Purpose Of The Study
- To investigate the impact of TRGs on colorectal cancer (CRC) patient prognosis and therapeutic responses.
- To develop a predictive signature for CRC based on TRGs.
Main Methods
- Bioinformatic analysis of 33 TRGs and clinical data from multiple CRC patient datasets.
- Consensus clustering to identify molecular subtypes and Lasso-Cox regression to build a predictive signature.
- Tumor immune microenvironment analysis, biomarker screening, and in vitro/in vivo validation of therapeutic drugs.
Main Results
- Two TRG clusters and three gene clusters were identified in CRC patients, correlating with survival, immune cells, and functions.
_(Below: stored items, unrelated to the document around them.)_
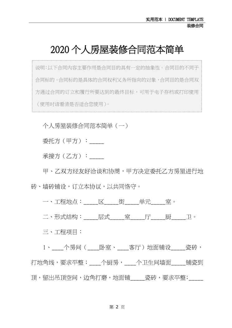 本站资深用户发布了最新的《2020个人房屋装修合同范本简单》文档,以下内容为预览,详细内容可下载阅读。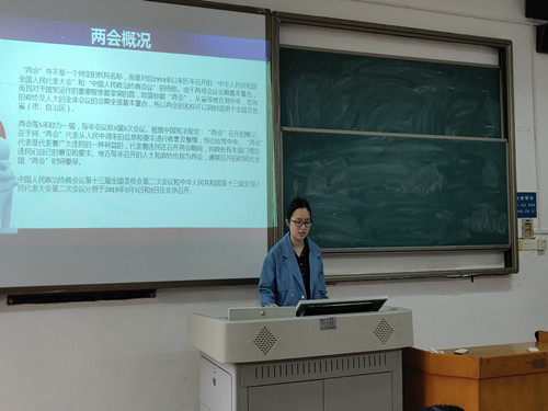 活动伊始,刘凌霄向大家介绍了“两会”的基本概况以及2019年两会召开的时间,并通过幻灯片与大家共同学习两会的主要内容和两会精神。随后,刘凌霄组织全体同学观看了两会相关视频材料,以进一步学习两会精神。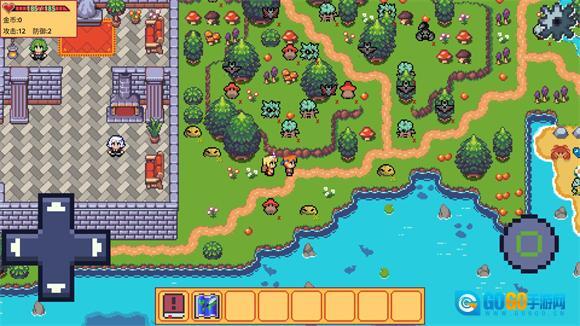 在地图中收集水果与蘑菇能够增强角色的属性,战胜怪物可获取金币,这些金币能用来与NPC交易以进一步提升角色属性。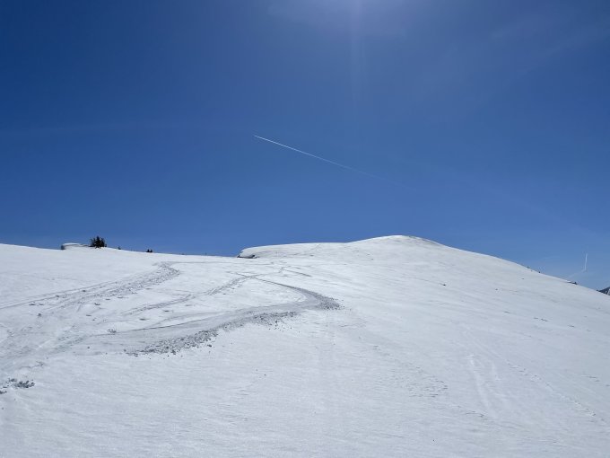 Grad noch knapp genügend Schnee bei der Talstation des Skilifts, dürfte in 2-3 Tagen bereits Lücken aufweisen. Wetter prachtvoll, kaum Leute unterwegs. Das steilste Stück bei der Skilift-Bergstation bewältigte ich mittels Portage auf der aperen Südseite. Danach ohne Probleme zum Blutte Hubel, der mein Gipfelziel war. Tolle Rundsicht, bisschen kalter Wind, aber hey, nichts zu meckern! Abfahrt oben feuchter Pulver, oberhalb Grätlihütte Firn tragend. Der lange Hang hinunter von dort war heute das Beste. Danach der Piste nach (respektive der Liftspur) zum Auto. Eine wunderbare Frühlingstour.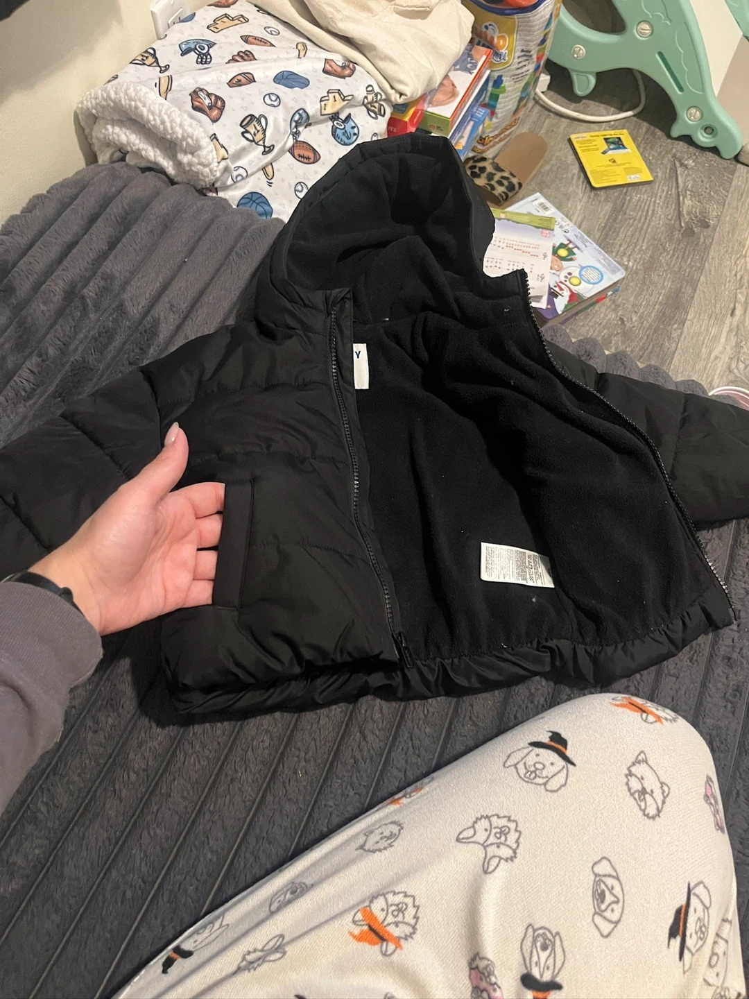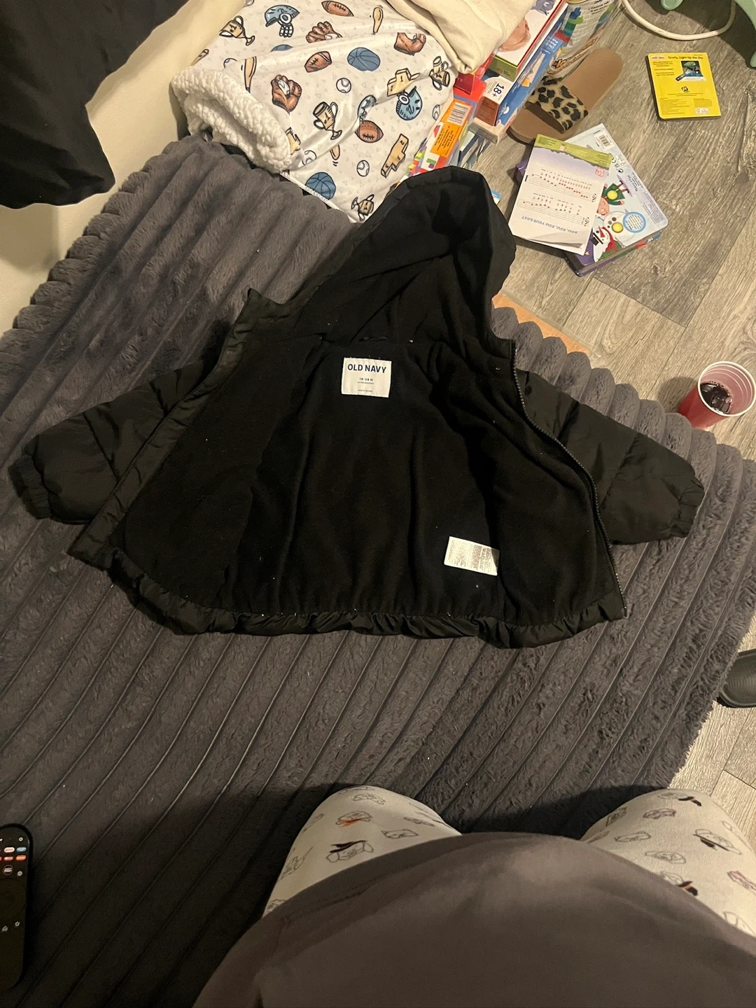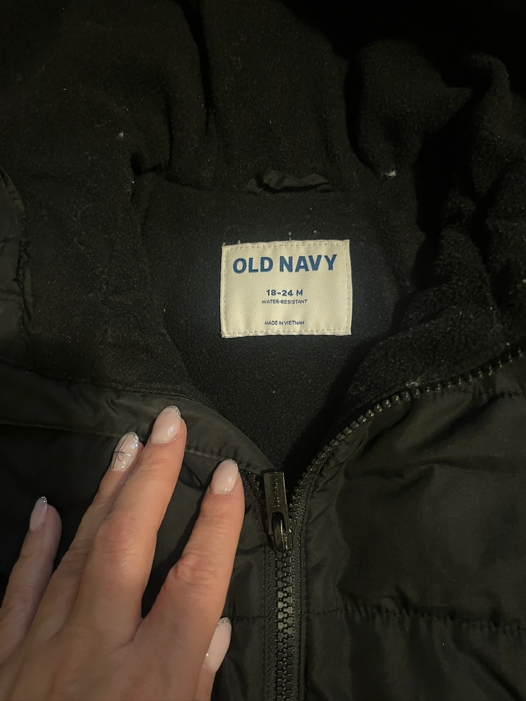 Here's a cute Old Navy black puffer jacket for your little one! It's size 18-24 months and perfect for keeping them warm and cozy. This jacket is in great condition and ready for a new adventure.

- A validated predictive signature based on prognosis-associated DEGs was developed to assess patient risk.
- Key TRGs (CDK1, BATF, IL1RN, ITM2A) were identified, and 7,8-benzoflavone demonstrated significant suppression of CRC cell proliferation and migration.
Conclusions
- T cell proliferation-based molecular subtypes and predictive signatures can predict CRC patient outcomes, immune landscape, and treatment response.
- Novel biomarker candidates and potential therapeutic agents, like 7,8-benzoflavone, were identified and validated for CRC treatment.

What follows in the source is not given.